> EXERCISE DESCRIPTION
Reproduce verbatim the lines of the material below, starting at the line with "欲しかったけれど残念ながら出" and ending at the line with "1月28日,萃华珠宝公告称,公司及子公司", both inclusive; skip the rest.

___ SUPPLIED DATA

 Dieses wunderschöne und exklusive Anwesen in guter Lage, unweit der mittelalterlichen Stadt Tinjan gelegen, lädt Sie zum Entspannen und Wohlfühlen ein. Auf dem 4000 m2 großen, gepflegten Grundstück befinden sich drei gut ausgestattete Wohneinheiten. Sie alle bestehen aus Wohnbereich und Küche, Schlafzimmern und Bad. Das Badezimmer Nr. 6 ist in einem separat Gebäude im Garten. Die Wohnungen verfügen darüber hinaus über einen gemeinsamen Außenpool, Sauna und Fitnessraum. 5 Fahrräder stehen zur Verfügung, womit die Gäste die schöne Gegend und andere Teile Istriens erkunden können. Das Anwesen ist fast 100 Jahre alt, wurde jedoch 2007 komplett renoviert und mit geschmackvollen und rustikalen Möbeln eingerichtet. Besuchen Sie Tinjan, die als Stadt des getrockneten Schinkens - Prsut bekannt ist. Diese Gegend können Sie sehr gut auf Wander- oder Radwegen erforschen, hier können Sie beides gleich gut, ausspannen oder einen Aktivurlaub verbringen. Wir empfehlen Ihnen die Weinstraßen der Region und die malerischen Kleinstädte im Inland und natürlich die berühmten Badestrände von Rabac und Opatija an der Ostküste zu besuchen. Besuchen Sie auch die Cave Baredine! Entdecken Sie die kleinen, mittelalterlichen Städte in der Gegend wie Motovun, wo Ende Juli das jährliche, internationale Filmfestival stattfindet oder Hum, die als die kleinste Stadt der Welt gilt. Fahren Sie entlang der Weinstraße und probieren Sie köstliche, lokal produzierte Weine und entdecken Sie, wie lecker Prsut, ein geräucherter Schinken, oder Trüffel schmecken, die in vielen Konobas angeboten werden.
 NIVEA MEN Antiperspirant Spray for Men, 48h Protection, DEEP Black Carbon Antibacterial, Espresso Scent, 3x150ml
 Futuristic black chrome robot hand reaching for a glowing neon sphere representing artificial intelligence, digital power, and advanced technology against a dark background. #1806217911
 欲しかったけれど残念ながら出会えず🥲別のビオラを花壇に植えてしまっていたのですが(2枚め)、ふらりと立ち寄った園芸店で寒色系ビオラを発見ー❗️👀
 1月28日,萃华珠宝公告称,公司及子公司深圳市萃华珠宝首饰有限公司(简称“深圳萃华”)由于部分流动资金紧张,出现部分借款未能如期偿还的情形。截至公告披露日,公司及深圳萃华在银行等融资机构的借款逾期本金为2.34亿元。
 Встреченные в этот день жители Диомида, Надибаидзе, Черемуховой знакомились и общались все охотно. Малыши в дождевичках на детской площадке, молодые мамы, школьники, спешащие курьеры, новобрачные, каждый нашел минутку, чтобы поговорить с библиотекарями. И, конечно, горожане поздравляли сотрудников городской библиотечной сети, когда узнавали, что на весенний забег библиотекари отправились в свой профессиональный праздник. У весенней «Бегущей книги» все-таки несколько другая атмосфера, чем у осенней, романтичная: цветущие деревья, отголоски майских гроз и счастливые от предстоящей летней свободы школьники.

______

> ANSWER TO THIS EXERCISE
 欲しかったけれど残念ながら出会えず🥲別のビオラを花壇に植えてしまっていたのですが(2枚め)、ふらりと立ち寄った園芸店で寒色系ビオラを発見ー❗️👀
 1月28日,萃华珠宝公告称,公司及子公司深圳市萃华珠宝首饰有限公司(简称“深圳萃华”)由于部分流动资金紧张,出现部分借款未能如期偿还的情形。截至公告披露日,公司及深圳萃华在银行等融资机构的借款逾期本金为2.34亿元。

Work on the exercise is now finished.